TAXPAYERS of the United States (U.S.) who conduct business in Guyana will now be forced to ensure that they are fully tax-compliant, as this country has operationlised the Foreign Account Tax Compliance Act (FATCA).
The Act, which aims to strengthen international financial regulations, was operationlised after it was published in the Official Gazette on May 31, 2017. Recognition of the need to tighten regulations to reduce tax evasion lead to the U.S. introducing FATCA in 2010.
According to the U.S. Department of the Treasury, this Act requires foreign financial institutions (FFIs) to report to the Internal Revenue Service (IRS), information about financial accounts held by U.S. taxpayers, or by foreign entities in which U.S. taxpayers hold a substantial ownership interest.

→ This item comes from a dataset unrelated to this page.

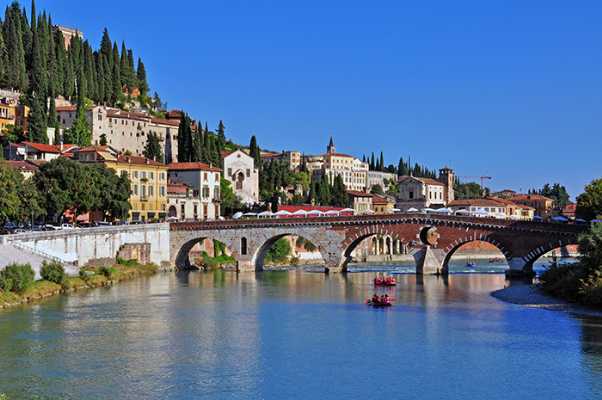 O impacto começa na entrada do centro antigo, pela deslumbrante Ponte Pietra, e a partir de então inicia uma sequência de pontes, palácios e ruas primorosas, repletas de cafés e restaurantes.

Guyana has several U.S. companies operating here, with the latest and perhaps the largest, being ExxonMobil which is currently drilling for oil offshore.
In an interview with Kaieteur News last year, Chartered Accountant Shawn Naughton, had explained that simply put, FATCA is the U.S. requiring information on foreign assets held by its taxpayers. He explained that the U.S. will also be able to better locate its taxpayers as a result of information received under FATCA. “From this information, the USA will be able to determine which taxpayers have not been reporting all of their incomes and assets. This knowledge could then lead to the relevant persons being assessed for additional taxes and associated penalties by the IRS,” the accountant said.

A FFI that does not enter into an agreement with the IRS will be subject to a 30 per cent withholding tax on certain payments, including U.S. source interest and dividends, and gross proceeds from sales of U.S. securities.
Congress enacted FATCA to target non-compliance by U.S. taxpayers using foreign accounts, and the provision has since become the global standard for promoting tax transparency. It requires U.S. financial institutions to withhold a portion of certain payments made to FFIs that do not agree to identify and report information on US account holders.
Governments have two options for complying with FATCA: they can either permit their FFIs to enter into agreement with the IRS, or they can themselves enter into IGAs with the U.S. In Guyana’s case, the latter was chosen, and an intergovernmental agreement was entered into with the U.S. in 2016.

At a post-Cabinet press briefing last year, Minister of State Joseph Harmon had said that the agreement will allow financial institutions in Guyana to identify and disclose details regarding the holders of dollar accounts. He added too that: “The signing of this IGA will also allow the conclusion of the service agreement with the software provider for the installation of reporting software relating to the Foreign Accounts Tax Compliance Act (FATCA), thus bolstering Guyana’s anti- money laundering and countering financing of terrorism thrust.”